# Miter Saw Station with 27 Drawers



## Howard San D1ego (Jan 10, 2016)

Three weeks to build. I still have drawers that are empty. Click on video for complete build.

https://youtu.be/K_csiE4eBOc

IMG_4700.jpg
IMG_4381.jpg
IMG_4685.jpg


----------



## michaelpugh (Dec 31, 2013)

Very nice. Love your stop. I like how you made your "marker" adjustable. Can't believe that was only a three week project. Retired???


----------



## d_slat (Apr 10, 2012)

Wow, 3 weeks? It would take me months to build that with the time I can dedicate to that stuff. Looks great!


----------



## michaelpugh (Dec 31, 2013)

How are you handling your dust collection? I have my miter saw built into a box like that also. I split a 4" line to two 2". One goes to a sweep in the bottom back of the box and the other attaches with a hose to the ms. Works ok but I have to sweep out the box every so often to the built in "sweep". It does keep the dust enclosed for the most part.


----------



## Howard San D1ego (Jan 10, 2016)

michaelpugh said:


> Very nice. Love your stop. I like how you made your "marker" adjustable. Can't believe that was only a three week project. Retired???

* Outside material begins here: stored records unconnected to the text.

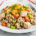A close-up of a creamy rice dish served on a white plate, featuring mixed rice with visible grains of white and wild rice, interspersed with small chunks of cooked chicken. The dish includes diced orange carrots, green celery pieces, and is topped with a sprinkle of shredded orange cheese and bright green fresh herbs. The texture looks soft and moist, with the ingredients evenly mixed. A fork rests on the edge of the plate, and there is a white marbled surface underneath with a red and white striped fabric in the background. photo taken with an iphone --ar 4:5 --v 7
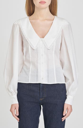 Sweeten your white cotton shirt selection with a lace-lilted option offered with petite pintuck pleats and shaped with a slim tie to cinch the back.
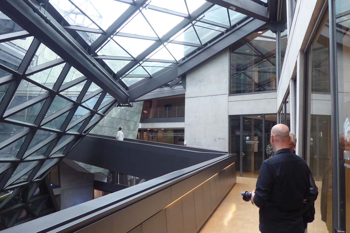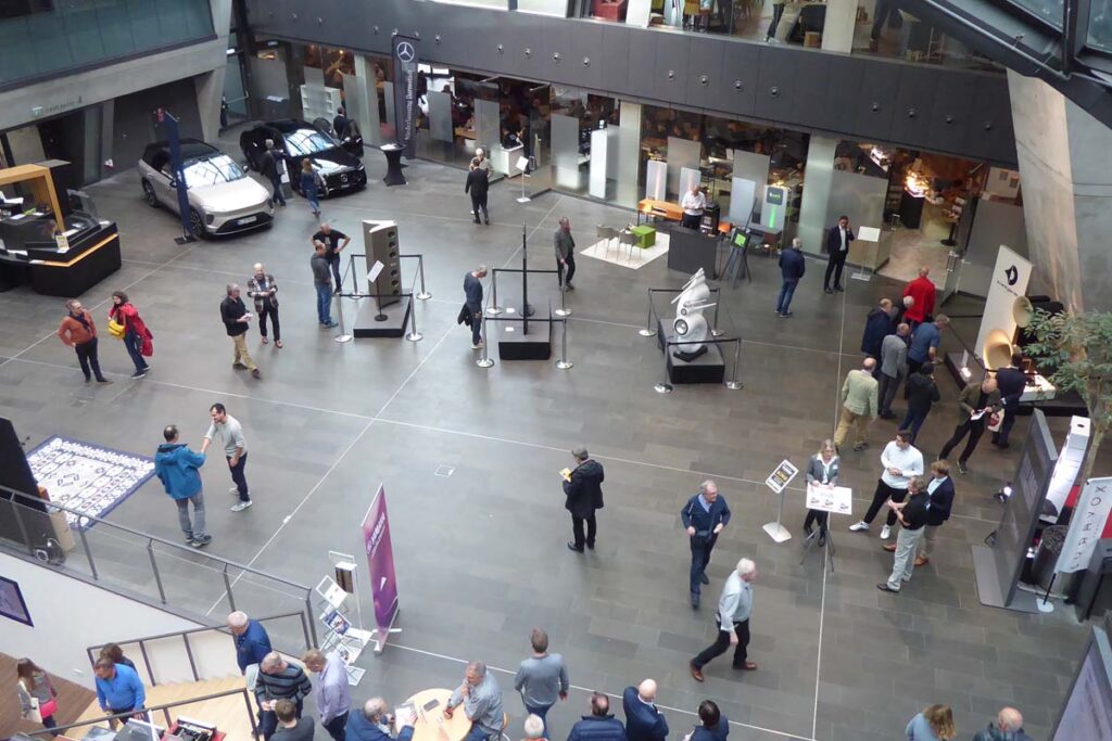 Die während der Bauarbeiten entdeckten historischen Mauerreste wurden geschickt in das Entwurfskonzept integriert und bilden nun einen spannenden Kontrast. Schon allein wegen der architektonischen Leistung ist dieses Gebäude einen Besuch wert! Die positiven Eindrücke setzen sich fort, als wir das vom Tageslicht durchflutete Atrium betreten – das Klima hier ist wirklich angenehm, und die Messeatmosphäre unterscheidet sich spürbar von Hotelveranstaltungen mit den oft engen, stickigen Gängen und akustisch fragwürdigen Hotelzimmern.
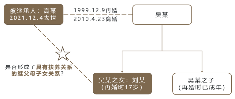 - 本案中,高某与吴某登记结婚时,刘某已年满17周岁且年龄已近成年,故结合在案证据及个案因素考量,本院认为刘某与高某并未形成有抚养关系的继父母子女关系,故刘某不具有高某法定继承人资格。
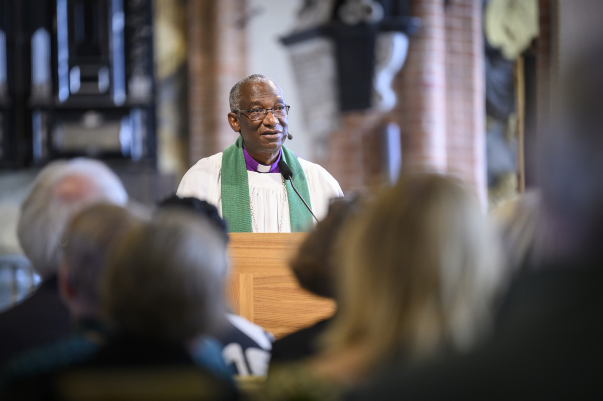 Biskop Fredrick Shoo predikar under stiftsmässan i Storkyrkan. Foto: Magnus Aronson/Ikon

I am married so I don't think I'll be retiring anytime soon, beside I am only 69. I hope to work till about 80.


----------



## Howard San D1ego (Jan 10, 2016)

I got a 4" line in the wall and it come into the bottom of the Miter Enclosure. Get about 90% of the sawdust. The other 10% stays in the enclosure but it doesn't come back into the work space.


----------



## abetrman (Mar 18, 2011)

*Awesome Work*

Just checked out your video. Impressive work. Welcome to the site.


----------



## woodchux (Jul 6, 2014)

Welcome here to this friendly WW forum. Guessing you have made a few cabinets/drawers before, and are well organized. Enjoy how you choose to make your sawdust, and be safe.


----------



## Toolman50 (Mar 22, 2015)

An impressive build. Thanks for sharing. 
You can't have too many drawers.


----------



## kramar74 (Sep 21, 2015)

That's great! Nice build.......it gives me some ideas for my shop!*


----------



## Travico (Dec 25, 2012)

MAN, What a Build!! With all the drawers, I would forget where I put everything!! I will watch the video!!!


----------